Content starts
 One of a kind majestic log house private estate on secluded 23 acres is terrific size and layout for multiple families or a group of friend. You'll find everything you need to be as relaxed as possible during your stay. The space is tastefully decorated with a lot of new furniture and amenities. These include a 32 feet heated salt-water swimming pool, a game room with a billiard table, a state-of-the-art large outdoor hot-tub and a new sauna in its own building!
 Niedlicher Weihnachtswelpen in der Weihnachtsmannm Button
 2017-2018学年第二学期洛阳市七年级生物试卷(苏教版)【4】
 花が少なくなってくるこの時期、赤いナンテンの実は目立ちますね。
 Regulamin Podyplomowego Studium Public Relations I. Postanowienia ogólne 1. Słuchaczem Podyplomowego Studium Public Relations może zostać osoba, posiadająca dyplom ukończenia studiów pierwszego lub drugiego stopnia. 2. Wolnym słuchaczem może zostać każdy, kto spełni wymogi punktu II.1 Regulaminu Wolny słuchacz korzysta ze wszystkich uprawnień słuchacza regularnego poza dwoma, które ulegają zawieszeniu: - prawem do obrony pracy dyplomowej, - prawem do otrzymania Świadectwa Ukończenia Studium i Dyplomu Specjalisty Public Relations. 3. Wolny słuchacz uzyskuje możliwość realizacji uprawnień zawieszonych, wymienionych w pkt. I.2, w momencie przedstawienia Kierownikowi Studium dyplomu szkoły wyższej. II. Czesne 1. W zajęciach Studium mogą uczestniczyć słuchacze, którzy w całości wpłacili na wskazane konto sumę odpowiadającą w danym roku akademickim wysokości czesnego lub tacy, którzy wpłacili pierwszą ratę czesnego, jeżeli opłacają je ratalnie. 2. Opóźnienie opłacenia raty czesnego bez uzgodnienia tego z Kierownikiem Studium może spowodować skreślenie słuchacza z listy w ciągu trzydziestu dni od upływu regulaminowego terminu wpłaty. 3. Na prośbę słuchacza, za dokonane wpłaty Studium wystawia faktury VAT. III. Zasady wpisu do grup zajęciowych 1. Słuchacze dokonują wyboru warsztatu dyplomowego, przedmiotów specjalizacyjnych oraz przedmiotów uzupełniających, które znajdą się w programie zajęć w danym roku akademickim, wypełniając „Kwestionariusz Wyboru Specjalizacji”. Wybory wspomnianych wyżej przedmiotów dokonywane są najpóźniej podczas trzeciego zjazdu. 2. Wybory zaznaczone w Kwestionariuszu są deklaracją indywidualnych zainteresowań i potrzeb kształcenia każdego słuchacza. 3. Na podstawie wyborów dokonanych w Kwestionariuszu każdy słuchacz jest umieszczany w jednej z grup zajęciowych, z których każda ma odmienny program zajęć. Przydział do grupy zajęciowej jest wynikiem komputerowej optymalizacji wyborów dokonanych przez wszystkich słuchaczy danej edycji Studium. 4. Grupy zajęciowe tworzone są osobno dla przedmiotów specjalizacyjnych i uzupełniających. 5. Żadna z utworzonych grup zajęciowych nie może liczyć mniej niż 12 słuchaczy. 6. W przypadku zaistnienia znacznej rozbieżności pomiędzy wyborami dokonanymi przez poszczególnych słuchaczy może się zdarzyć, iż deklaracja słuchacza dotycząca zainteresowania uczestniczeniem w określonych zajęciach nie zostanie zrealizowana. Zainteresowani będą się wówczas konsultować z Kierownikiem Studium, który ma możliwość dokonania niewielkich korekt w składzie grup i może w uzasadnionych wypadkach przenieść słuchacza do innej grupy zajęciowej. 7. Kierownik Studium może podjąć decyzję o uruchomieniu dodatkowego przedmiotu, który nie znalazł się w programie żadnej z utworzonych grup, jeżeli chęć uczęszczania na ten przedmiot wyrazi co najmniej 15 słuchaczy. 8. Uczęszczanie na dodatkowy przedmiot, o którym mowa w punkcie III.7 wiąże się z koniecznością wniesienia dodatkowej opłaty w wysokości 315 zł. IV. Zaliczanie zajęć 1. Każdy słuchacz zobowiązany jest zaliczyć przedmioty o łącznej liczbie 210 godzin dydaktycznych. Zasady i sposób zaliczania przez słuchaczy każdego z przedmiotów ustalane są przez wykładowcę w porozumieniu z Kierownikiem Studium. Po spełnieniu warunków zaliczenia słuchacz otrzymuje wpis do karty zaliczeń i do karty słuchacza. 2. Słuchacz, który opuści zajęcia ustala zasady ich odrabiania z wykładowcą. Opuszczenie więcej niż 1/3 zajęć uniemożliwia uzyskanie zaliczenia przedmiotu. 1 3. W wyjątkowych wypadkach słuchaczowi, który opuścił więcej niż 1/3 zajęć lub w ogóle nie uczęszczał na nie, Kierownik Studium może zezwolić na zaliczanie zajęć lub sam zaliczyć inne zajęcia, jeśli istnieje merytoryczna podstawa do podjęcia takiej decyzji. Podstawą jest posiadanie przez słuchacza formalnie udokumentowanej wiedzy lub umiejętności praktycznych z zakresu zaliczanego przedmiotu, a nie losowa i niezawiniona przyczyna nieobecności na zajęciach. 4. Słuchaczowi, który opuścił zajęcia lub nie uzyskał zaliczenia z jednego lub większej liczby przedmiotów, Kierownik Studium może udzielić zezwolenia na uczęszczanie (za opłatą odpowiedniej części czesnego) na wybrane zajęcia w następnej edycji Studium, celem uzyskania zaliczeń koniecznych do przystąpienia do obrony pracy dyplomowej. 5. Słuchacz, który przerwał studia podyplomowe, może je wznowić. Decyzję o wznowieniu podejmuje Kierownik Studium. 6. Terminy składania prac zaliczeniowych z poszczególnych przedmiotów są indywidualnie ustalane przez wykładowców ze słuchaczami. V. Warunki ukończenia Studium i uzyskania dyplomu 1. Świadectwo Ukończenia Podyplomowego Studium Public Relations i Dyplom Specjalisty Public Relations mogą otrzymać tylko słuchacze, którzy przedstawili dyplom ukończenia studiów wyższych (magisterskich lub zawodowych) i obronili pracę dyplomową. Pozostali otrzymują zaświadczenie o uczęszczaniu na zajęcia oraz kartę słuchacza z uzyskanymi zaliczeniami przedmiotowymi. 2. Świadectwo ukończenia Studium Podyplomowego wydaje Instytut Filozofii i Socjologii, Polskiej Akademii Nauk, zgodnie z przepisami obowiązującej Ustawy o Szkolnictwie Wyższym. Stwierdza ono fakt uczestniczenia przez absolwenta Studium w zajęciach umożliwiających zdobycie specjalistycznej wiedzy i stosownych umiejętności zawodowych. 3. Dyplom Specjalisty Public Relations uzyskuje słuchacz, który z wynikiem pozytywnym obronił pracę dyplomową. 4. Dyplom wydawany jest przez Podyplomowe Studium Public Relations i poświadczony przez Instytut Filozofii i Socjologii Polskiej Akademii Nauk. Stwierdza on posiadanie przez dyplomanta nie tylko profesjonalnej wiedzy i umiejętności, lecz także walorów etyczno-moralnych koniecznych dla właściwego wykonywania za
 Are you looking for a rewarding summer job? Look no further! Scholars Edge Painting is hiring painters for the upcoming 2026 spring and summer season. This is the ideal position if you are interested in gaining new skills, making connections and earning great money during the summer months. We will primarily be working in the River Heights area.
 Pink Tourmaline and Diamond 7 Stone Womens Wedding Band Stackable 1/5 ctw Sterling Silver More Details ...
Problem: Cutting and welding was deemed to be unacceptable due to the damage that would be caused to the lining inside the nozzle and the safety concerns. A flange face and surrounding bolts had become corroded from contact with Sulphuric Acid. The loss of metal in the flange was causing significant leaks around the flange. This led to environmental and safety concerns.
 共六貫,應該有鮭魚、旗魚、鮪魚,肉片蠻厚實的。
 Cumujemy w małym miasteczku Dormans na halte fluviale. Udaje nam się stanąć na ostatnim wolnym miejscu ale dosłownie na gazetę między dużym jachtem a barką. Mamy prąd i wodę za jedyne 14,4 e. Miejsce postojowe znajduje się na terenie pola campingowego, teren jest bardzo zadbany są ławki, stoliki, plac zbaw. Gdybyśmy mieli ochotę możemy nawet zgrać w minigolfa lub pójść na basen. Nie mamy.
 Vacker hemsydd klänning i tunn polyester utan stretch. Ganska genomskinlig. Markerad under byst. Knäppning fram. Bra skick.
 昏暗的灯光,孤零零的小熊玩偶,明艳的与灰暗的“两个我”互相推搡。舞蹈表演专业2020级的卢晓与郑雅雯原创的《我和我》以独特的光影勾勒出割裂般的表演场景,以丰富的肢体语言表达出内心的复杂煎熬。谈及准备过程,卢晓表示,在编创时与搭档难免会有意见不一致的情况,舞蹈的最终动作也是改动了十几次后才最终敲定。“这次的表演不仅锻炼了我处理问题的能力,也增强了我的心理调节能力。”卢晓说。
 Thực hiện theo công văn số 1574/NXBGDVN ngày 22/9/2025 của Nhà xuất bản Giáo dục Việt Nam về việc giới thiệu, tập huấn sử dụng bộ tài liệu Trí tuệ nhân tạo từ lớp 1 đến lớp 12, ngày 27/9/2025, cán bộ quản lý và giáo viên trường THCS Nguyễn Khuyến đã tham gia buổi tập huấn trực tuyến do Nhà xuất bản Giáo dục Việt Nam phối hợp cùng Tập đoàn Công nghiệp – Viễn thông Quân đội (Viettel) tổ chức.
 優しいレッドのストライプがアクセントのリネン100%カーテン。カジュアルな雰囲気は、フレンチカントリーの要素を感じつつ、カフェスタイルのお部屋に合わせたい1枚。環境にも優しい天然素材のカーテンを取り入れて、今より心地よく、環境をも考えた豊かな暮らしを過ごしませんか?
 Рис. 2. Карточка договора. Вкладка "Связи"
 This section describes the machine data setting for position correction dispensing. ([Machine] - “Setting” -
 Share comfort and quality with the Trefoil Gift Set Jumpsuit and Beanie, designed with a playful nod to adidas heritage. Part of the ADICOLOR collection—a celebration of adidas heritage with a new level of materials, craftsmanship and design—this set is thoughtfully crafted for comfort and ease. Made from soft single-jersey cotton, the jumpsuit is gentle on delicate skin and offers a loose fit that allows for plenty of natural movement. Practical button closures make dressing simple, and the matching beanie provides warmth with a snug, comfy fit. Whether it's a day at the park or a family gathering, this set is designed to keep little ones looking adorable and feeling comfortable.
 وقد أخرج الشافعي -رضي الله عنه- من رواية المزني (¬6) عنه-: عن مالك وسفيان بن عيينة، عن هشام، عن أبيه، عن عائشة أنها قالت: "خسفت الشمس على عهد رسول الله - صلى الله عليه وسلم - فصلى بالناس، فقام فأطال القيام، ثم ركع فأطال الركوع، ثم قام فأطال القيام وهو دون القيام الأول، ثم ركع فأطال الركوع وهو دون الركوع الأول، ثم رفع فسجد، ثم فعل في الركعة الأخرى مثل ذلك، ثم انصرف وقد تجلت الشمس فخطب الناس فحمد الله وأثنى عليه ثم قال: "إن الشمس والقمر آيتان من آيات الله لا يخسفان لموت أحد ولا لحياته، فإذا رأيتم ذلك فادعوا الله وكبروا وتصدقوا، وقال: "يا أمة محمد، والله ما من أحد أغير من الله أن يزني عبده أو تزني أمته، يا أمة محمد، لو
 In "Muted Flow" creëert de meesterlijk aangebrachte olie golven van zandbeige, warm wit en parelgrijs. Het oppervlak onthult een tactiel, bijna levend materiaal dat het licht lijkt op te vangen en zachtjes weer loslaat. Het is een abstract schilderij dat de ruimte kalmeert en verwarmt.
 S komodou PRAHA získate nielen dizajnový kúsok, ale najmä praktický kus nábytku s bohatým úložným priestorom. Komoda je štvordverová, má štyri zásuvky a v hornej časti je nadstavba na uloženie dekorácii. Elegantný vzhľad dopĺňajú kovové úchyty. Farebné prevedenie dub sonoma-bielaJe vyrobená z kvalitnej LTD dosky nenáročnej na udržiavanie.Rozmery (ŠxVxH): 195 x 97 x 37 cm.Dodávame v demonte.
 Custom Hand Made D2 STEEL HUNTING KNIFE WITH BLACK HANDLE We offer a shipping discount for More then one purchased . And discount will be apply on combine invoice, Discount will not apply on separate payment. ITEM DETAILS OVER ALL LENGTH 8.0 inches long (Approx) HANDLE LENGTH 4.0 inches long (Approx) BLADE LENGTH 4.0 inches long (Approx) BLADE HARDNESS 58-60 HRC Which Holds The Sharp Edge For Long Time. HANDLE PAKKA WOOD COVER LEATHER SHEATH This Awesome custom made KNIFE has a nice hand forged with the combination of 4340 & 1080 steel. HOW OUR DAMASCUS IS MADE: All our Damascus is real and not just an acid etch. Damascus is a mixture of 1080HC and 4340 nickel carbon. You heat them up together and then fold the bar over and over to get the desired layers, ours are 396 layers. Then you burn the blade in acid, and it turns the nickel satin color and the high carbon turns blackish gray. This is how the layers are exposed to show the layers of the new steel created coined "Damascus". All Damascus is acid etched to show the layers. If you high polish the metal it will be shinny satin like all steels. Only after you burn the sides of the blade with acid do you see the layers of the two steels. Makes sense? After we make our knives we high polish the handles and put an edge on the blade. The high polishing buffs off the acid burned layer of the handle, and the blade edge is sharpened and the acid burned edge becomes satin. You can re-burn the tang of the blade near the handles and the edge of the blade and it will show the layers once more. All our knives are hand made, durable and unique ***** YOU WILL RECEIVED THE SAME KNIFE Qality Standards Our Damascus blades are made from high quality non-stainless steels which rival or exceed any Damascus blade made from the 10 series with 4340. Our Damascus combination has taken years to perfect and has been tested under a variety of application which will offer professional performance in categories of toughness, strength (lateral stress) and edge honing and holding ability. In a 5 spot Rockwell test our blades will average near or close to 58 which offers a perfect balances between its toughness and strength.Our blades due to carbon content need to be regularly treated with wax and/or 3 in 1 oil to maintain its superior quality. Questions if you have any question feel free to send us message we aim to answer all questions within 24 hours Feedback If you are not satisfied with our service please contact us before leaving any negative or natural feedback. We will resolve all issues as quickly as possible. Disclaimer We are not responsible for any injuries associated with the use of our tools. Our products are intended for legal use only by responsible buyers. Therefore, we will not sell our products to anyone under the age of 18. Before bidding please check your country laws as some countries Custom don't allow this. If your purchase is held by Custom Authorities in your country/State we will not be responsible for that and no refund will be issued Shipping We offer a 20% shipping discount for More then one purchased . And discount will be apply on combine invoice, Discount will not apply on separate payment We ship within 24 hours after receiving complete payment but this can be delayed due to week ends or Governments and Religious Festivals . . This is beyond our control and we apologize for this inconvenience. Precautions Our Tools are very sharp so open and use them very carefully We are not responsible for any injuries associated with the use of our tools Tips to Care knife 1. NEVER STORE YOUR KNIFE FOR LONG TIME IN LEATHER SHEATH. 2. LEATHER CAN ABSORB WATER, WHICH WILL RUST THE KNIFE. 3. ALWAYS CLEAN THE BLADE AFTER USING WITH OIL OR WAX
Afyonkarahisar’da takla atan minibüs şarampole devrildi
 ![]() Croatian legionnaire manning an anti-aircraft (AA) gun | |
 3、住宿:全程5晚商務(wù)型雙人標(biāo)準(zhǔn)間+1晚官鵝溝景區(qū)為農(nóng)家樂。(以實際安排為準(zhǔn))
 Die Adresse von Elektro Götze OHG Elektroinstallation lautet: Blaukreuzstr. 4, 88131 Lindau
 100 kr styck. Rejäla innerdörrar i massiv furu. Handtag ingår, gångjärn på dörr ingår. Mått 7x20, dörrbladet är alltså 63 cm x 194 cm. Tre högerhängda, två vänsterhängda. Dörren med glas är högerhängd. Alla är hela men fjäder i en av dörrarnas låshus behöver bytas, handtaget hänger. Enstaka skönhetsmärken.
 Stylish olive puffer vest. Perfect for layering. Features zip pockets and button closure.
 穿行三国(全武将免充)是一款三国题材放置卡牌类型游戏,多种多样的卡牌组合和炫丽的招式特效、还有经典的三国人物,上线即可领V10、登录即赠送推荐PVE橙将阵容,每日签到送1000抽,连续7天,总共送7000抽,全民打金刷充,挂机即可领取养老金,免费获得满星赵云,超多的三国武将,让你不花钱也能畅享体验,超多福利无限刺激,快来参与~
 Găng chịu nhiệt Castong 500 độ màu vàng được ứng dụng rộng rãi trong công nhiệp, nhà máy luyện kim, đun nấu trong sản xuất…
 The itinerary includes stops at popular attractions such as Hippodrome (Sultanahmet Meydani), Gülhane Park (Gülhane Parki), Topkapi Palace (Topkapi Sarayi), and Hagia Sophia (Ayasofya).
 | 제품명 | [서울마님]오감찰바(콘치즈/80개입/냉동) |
Content ends
Task goal:
Lines of the listing above that contain the word "position" should all be returned.

The answer:
 Are you looking for a rewarding summer job? Look no further! Scholars Edge Painting is hiring painters for the upcoming 2026 spring and summer season. This is the ideal position if you are interested in gaining new skills, making connections and earning great money during the summer months. We will primarily be working in the River Heights area.
 This section describes the machine data setting for position correction dispensing. ([Machine] - “Setting” -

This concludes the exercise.